> [EXERCISE]
With pictures excluded, copy word for word the lines in the data below from the line containing "Epiphone Yi Pu" through the line containing "Variability of New".

> [LISTED RECORDS]
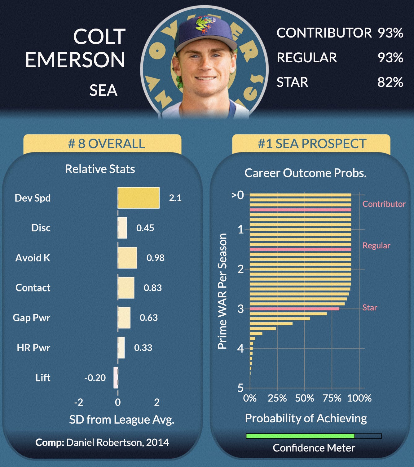 In cases where injuries have taken a major toll on players, it’s worth considering what the scouts have to say even more than usual. In the case of Colt Emerson, whom we detailed earlier, scouts and our model stuck with him. Here, Arroyo has only the support of the numbers. In cases where major external factors are at play, and a model is extremely high on a player, but scouts are not, it’s often more useful to think of the model’s view as “what could be,” not “what will likely be”.
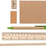 This is a compact non-woven pencil case set. It provides a convenient stationery solution. The set is ideal for promotional activities. It is made from 80 gr/m² non-woven material. The color is khaki-ecru. This set includes a ruler, a pen, a pencil, a sharpener, an eraser, and a notepad. The pen writes in blue ink.
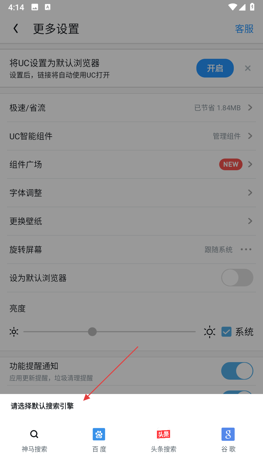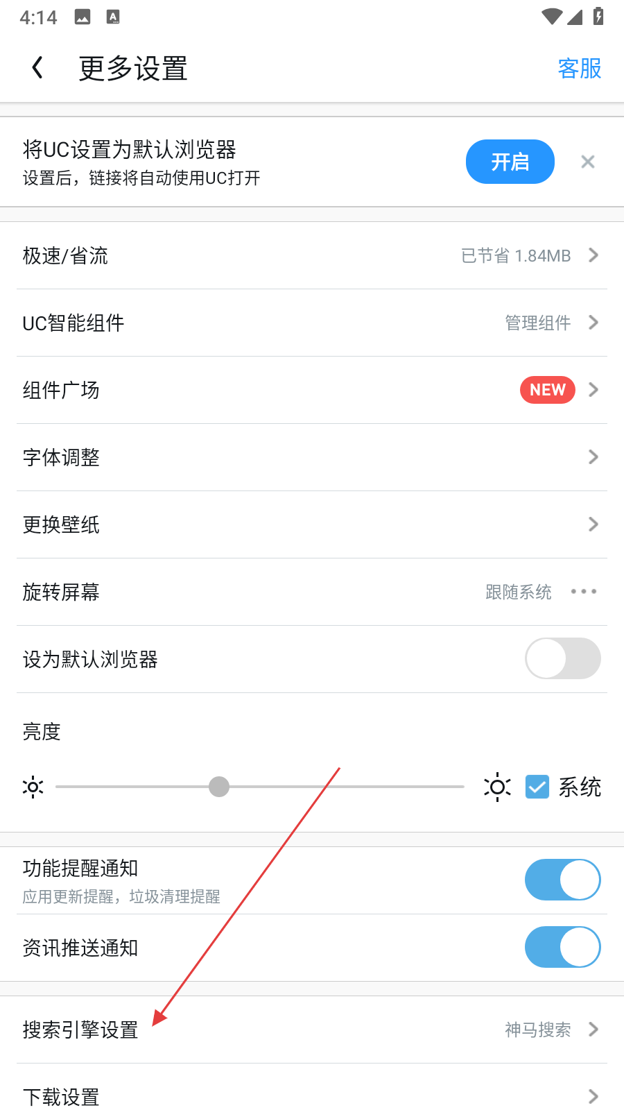 uc浏览器极速版怎么更改默认搜索引擎设置
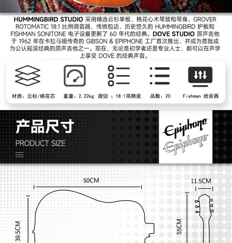 Epiphone Yi Pu Feng Hummingbird Studio EB Yaoye black folk electric box acoustic guitar domestically produced with bag American brand
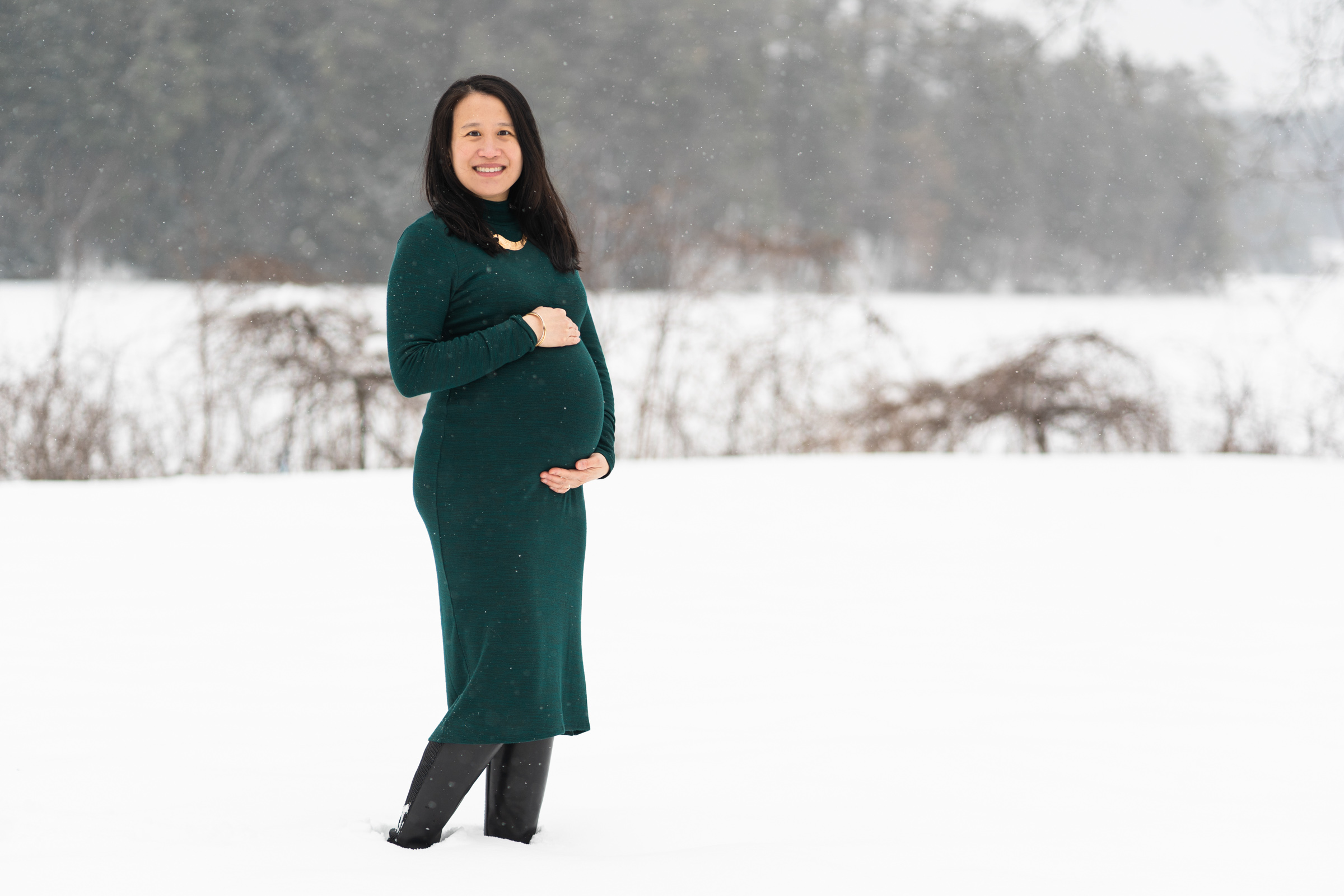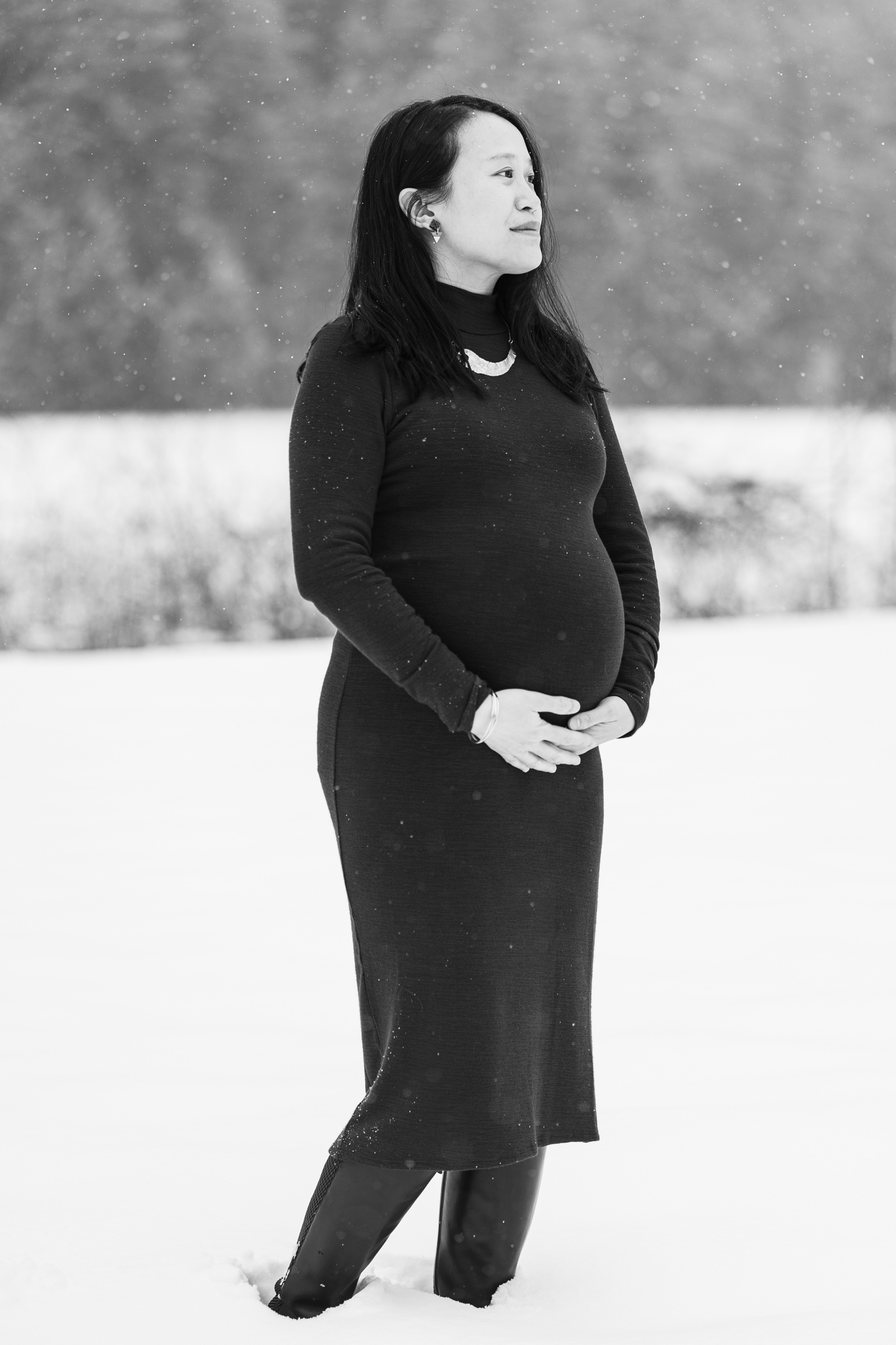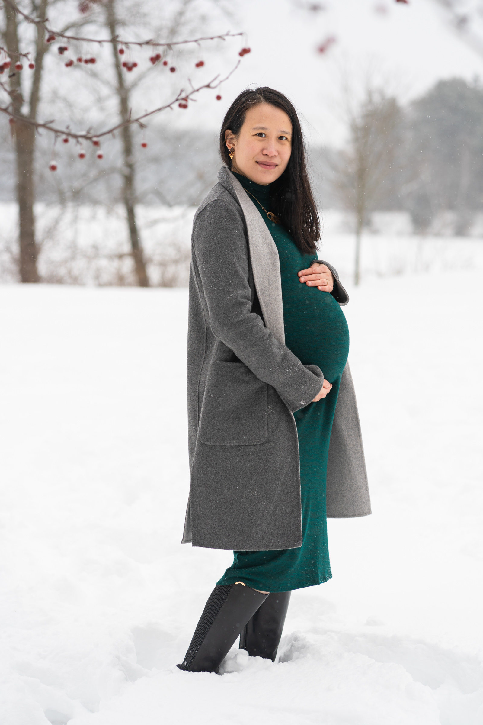 Variability of New England weather can add to the story of your photo session, sometimes creating a challenge, though, rain and snow can add an element of drama that can make the images more memorable. The weather may determine how we dress, how we pose and move, and even where the shoot can take place. I’m impressed each time I have a couple or a family who will venture into the elements with me, especially soon-to-be parents! This couple willingly trudged through ankle-deep snow at Foley Park in Hanover, which overlooks the Connecticut River. Nervous to keep them out in the cold for too long, we created a variety of special portraits in a short amount of time to keep everyone comfortable.
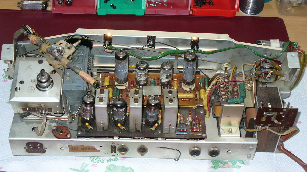 Zur Revidierung; Das übliche, Staub, altes festgebackenes Harz, defekte Birnen , der Selen Brückengleichrichter als defekt ausgetauscht, (original ungebraucht) , der Becherelko 2 x 100 µF/385 V, Ratiodedektor Elko 5 µf durch 4,7µ/35 V ersetzt.
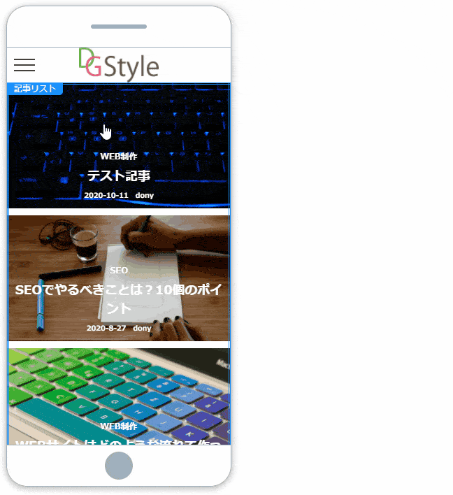 「DG-STYLE」で提供しているテンプレートの「ブログ6」の設定方法について説明します。ブログ6TOPデザイン記事を強
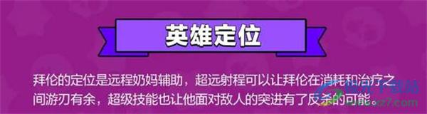2、拜伦的定位是远程奶妈辅助,超远射程可以让拜伦在消耗和治疗之间游刃有余,超级技能也让他面对敌人的突进有了反杀的可能。
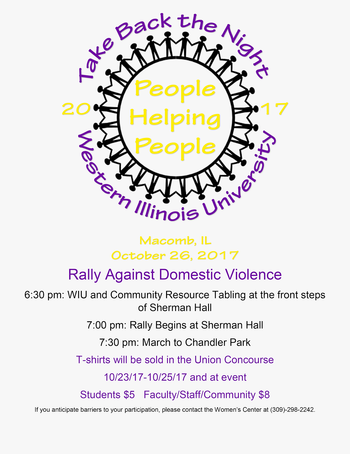 For more information about the rally, call the WIU Women's Center at (309) 298-2242.
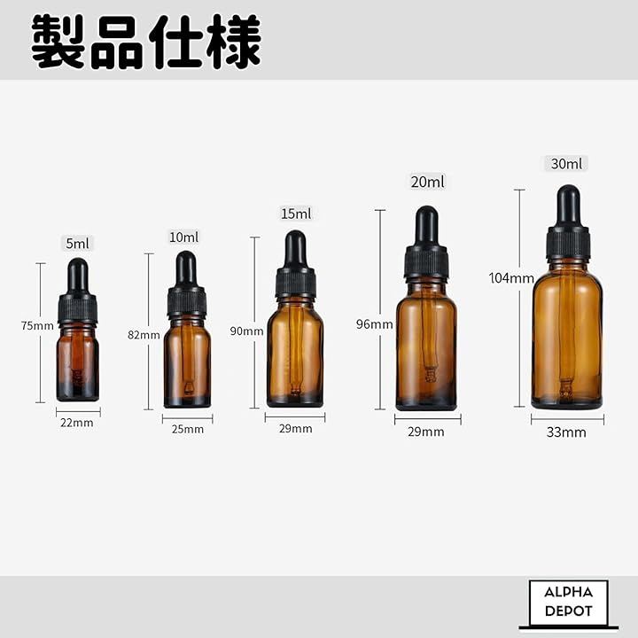 「サイズ」5ml:75 x 22mm / 10ml:82 x 25mm / 15ml:90 x 29mm / 20ml:96 x 29mm / 30ml:104 x 33mm
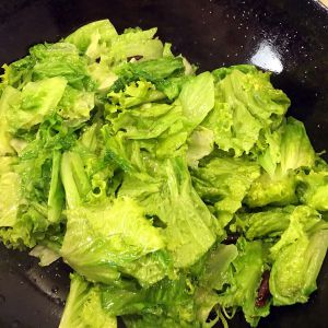 生菜用辣椒爆炒一下,放碗底。(垫底青菜可根据个人口味稍作调整)
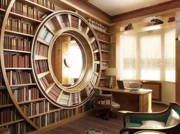 Но такая мебель для интеллектуалов не станет оптимальным решением для чересчур маленькой комнаты. Большое количество книг и громоздкий стеллаж будут нести ощутимую визуальную нагрузку. Если же никак не удается отказаться от задумки, оформляйте интерьер в светлых тонах, с легким декором и мебелью утонченной формы.
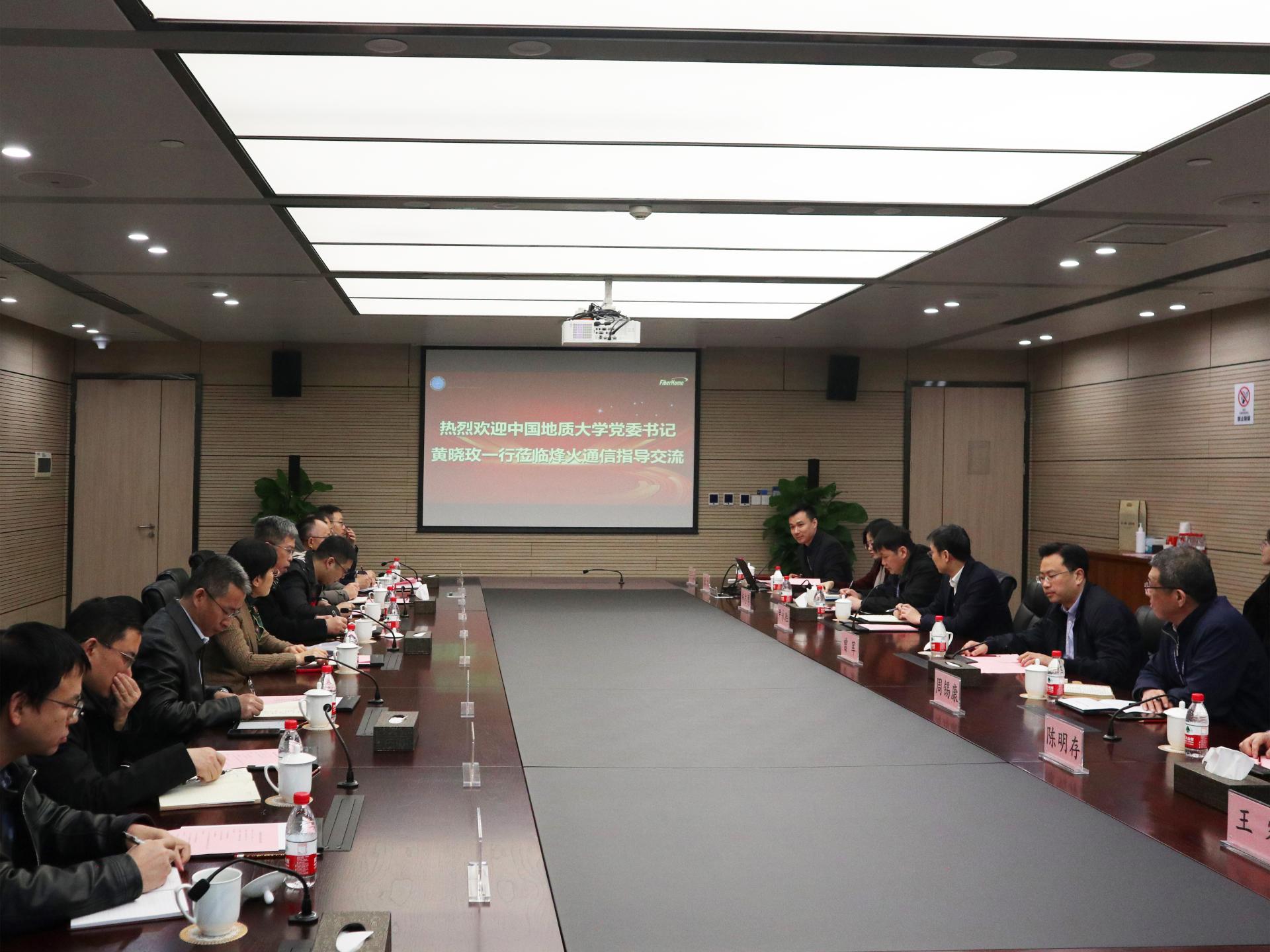 王华介绍了学校人才培养、学科专业、社会合作等方面的情况,希望同烽火通信公司一道加强核心关键技术研发,搭建科技创新平台,打造学生实习实践基地,促进学生高质量就业,探索校企合作新模式。

> [YOUR RESPONSE]
 Epiphone Yi Pu Feng Hummingbird Studio EB Yaoye black folk electric box acoustic guitar domestically produced with bag American brand
 Variability of New England weather can add to the story of your photo session, sometimes creating a challenge, though, rain and snow can add an element of drama that can make the images more memorable. The weather may determine how we dress, how we pose and move, and even where the shoot can take place. I’m impressed each time I have a couple or a family who will venture into the elements with me, especially soon-to-be parents! This couple willingly trudged through ankle-deep snow at Foley Park in Hanover, which overlooks the Connecticut River. Nervous to keep them out in the cold for too long, we created a variety of special portraits in a short amount of time to keep everyone comfortable.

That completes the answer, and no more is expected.